Om deze vraag te beantwoorden, is hier een overzicht van de rapporten over de situatie van sekswerkers op de Wallen en in Nederland in het algemeen.
Rapporten over misbruik in de prostitutie (van hoge schatting naar lage schatting)
KLPD: Schone Schijn (2008): 50 tot 90% van de prostituees werken onder dwang.
Bron: waarnemingen van zes politiemedewerkers. Deze bron is vrij onbetrouwbaar, omdat dit een laag aantal is, de politie niet altijd een goed beeld heeft van de situatie, en er geen interviews met prostituees zijn agenomen. Opvallend is dat het rapport niet meer online staat.
Bureau Beke: Kwetsbaar Beroep (2010): 30-40%. Gebaseerd op schattingen door de politie. Deze schatting is een ruwe schatting, en ook niet de focus van het onderzoek. Acht procent van de ondervraagde vrouwen geeft aan door te gaan met prostitutie omdat zij worden gedwongen, wat dichtbij de percentages misbruik onder sekswerkers uit de overige onderzoeken ligt.
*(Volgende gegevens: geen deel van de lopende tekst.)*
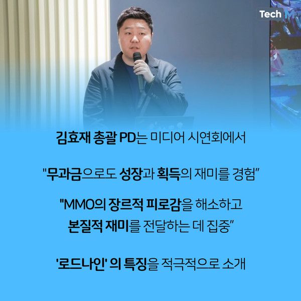 김효재 PD는 5월 31일 MMORPG '로드나인' 미디어 시연회에서 "무과금으로도 성장과 획득의 재미를 느낄 수 있도록 개발됐다"며 "MMO에서 오는 장르적 피로감을 해소하고 보다 본질적 재미를 전달하는 데 초점을 맞췄다"고 강조했다.
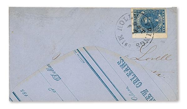 c.1863 (Oct. 7), Adversity cover from blue Bank of New Orleans unused checks, franked with #2b with deep dark color and strong impression as often found in Hoyer & Ludwig printings, but this stamp has Paterson plate characteristics, huge left sheet margin, other sides full to close but well clear at right, tied by well struck "Holly Springs Miss. Oct. 7" circular datestamp and addressed to Marietta GA, bottom backflap folded over showing "New Orleans" and part of Picayune Press imprint, top backflap and small part of upper left expertly restored, Extremely Fine appearance. (Image)

ASO: De Amsterdamse Prostitutie Monitor (2010): 10%. Dit getal is afgeleid uit enquêtes onder 94 raamprostituees. Dit is een vrij laag aantal voor statistisch onderzoek. De enquetes zijn wel anoniem afgenomen, wat de betrouwbaarheid verhoogt.
Scharlaken Koord. 8%. Scharlaken Koord is een christelijke hulporganisatie voor sekswerkers. Voor hun onderzoek ondervroegen zij 220 sekswerkers. Het onderzoek is offline gehaald.
Regioplan Evaluatie Opheffing Bordeelverbod (2006). 8%. Dit onderzoek is gedaan onder 354 sekswerkers (waaronder 11 mannelijke prostituees).
De Nationale Rapporteur (2013). De Nationale Rapporteur brengt jaarlijks een verslag uit over de prostitutie in heel Nederland. In 2013 werd het aantal gevallen van misbruik op 1437 vastgelegd, wat neerkomt op 7.3% van alle sekswerkers. Hierbij werden alle gevallen meegenomen waarbij er sprake was van verdenking van misbruik, wat dus een ruwe schatting oplevert. Soms is er geen sprake van misbruik waar er wel een verdenking is, en soms worden gevallen van misbruik over het hoofd gezien.